Sudah banyak penelitian terapan tentang Cooperative Learning yang dilaksanakan oleh orang-orang yang berkecimpung dalam dunia pendidikan, terutama oleh mahasiswa. Beberapa diantaranya dikaji dalam penelitian untuk skripsi.

Kelemahan: Cooperative Learning membutuhkan komponen khusus, yaitu guru yang benar-benar “spesial” (kreatif), sebab ia akan mengontrol dan mengarahkan sistem belajar dalam kelompok-kelompok belajar siswa di kelas untuk memecahkan suatu permasalahan.

Cooperative Learning berpotensi hanya mengaktifkan beberapa orang saja dalam suatu kelompok, sementara yang lain pasif mengunggu jawaban dari teman-temannya. Siswa yang kurang mampu dalam “kecerdasan kognitif” dapat terabaikan.

Ruang kelas yang memadai menjadi salah satu prasayarat utama yang tidak dapat ditawar-tawar lagi keberadaannya. Ruang yang luas, kedap suara, media presentasi yang cukup/representatif, penataan meja dan kursi yang membangkitkan semangat belajar dan berinteraksi. Di sinilah tampak kesenjangan dengan keadaan sekolah-sekolah kita (di Indonesia), berani kita katakan bahwa bangunan sekolah banyak yang kurang memadai, sebagian sekolah yang kurang memenuhi unsur “safety” bagaimana mungkin dapat memenuhi kepentingan aktivitas belajar yang memadai. Mau membaca buku saja sudah tidak tenang, bagaimana siswa akan berinteraksi dengan siswa dan guru? Ya to...

Cooperative Learning harus diperkenalkan kepada siswa sejak dini, atau melalui pendidikan bagi para calon guru di lembaga pendidik tenaga kependidikan (LPTK) secara komprehensif. Sebab, salah satu pilar pendidikan adalah learning to live together, maka sejak dini harus dibiasakan (habituasi). Kenyataan pada praksis pendidikan kita di LPTK, perkuliahan kurang memberikan bekal tentang beragam metode pembelajaran yang dapat diterapkan bahkan dimodifikasi oleh para calon guru. Sedangkan perpustakaan minim sekali menampilkan beragam buku yang menjanjikan dalam revolusi model dan metode pembelajaran. Calon guru harus memahami bagaimana cara belajar yang benar bukan hanya cara mengajar yang benar.

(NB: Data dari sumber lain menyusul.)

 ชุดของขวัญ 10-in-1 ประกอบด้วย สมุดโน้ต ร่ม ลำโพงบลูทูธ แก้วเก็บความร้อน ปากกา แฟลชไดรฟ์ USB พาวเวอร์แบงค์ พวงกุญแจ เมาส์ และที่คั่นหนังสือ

Saat ini, Cooperative Learning telah dijalankan di berbagai macam sekolah dan institusi pendidikan di seluruh dunia, yang meliputi jenjang pendidikan, mulai dari TK hingga perguruan tinggi. Hal yang tidak terbantahkan adalah bahwa Cooperative Learning telah meningkatkan prestasi belajar peserta didik dalam pendidkan formal, non formal, bahkan jika diterapkan dalam pendidikan keluarga dapat juga berpengaruh besar. Tentu saja dalam ranah keluarga, Cooperative Learning mendorong berkembangnya kerjasama dan sistem sosial berafeksi yang lebih dekat antar anggota keluarga.

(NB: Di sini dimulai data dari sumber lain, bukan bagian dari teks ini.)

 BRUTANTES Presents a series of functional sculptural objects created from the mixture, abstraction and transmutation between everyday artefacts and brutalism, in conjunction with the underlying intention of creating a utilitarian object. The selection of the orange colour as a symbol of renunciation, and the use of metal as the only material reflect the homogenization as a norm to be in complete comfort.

Cooperative Learning bisa disbeut sebagai sebuah model, metode, maupun pendekatan dalam pembelajaran. Penggunaannya bukan hanya terbatas pada mata pelajaran tertentu, misalnya matematika saja, namun juga dapat diterapkan pada semua mata pelajaran. Syaratnya adalah perlu ketersediaan waktu dan kecekatan guru untuk mengkombinasikannya dengan berbagai metode pembelajaran lainnya.

Cooperative Learning dapat diterapkan untuk semua jenis kelas siswa; kelas khusus anak berbakat, kelas pendidkan laur biasa (pendidikan khusus), kelas dengan siswa berkecerdasan rata-rata, dan siswa dengan kondisi heterogen. Di tengah berkembangnya semangat multikultural dalam ranah pendidikan Indonesia, Cooperative Learning sangat kondusif “memanjakan” siswa dari latar belakang agama, etnis, budaya, termasuk latar belakang akademik yang berbeda-beda.

Kembali ditegaskan bahwa tujuan inti Cooperative Learning adalah memberikan para siswa pengetahuan, konsep, kemampuan dan pemahaman yang mereka butuhkan supaya dapat menjadi anggota sistem sosial yang bahagia dan bermanfaat.

Menariknya, buku Cooperative Learning ini bukan semata-mata membicarakan teorinya saja, tetapi ada serangkaian contoh pelaksanaan pembelajaran dengan didukung oleh metode kooperatif ini. Di dalam wahana Cooperative Learning ini tidak hanya disajikan satu metode, namun ada beragam metode pembelajaran dengan beragam konsep aplikasinya. Dalam buku ini, juga diberikan hal yang bersifat praktis yang tersusun dalam petunjuk bertahap yang telah dengan sukses digunakan oleh ribuan guru dalam setiap tingkatan kelas dan dalam berbagai subjek belajar. Jadi, yang jelas berbeda antara buku ini dengan buku “pembelajaran kooperatif” lainnya adalah di sini membicarakan mengenai teori, penelitian dan pedoman praktis mengenai pembelajaran kooperatif yang dapat digunakan dalam kursus-kursus pendidikan dan lokakarya.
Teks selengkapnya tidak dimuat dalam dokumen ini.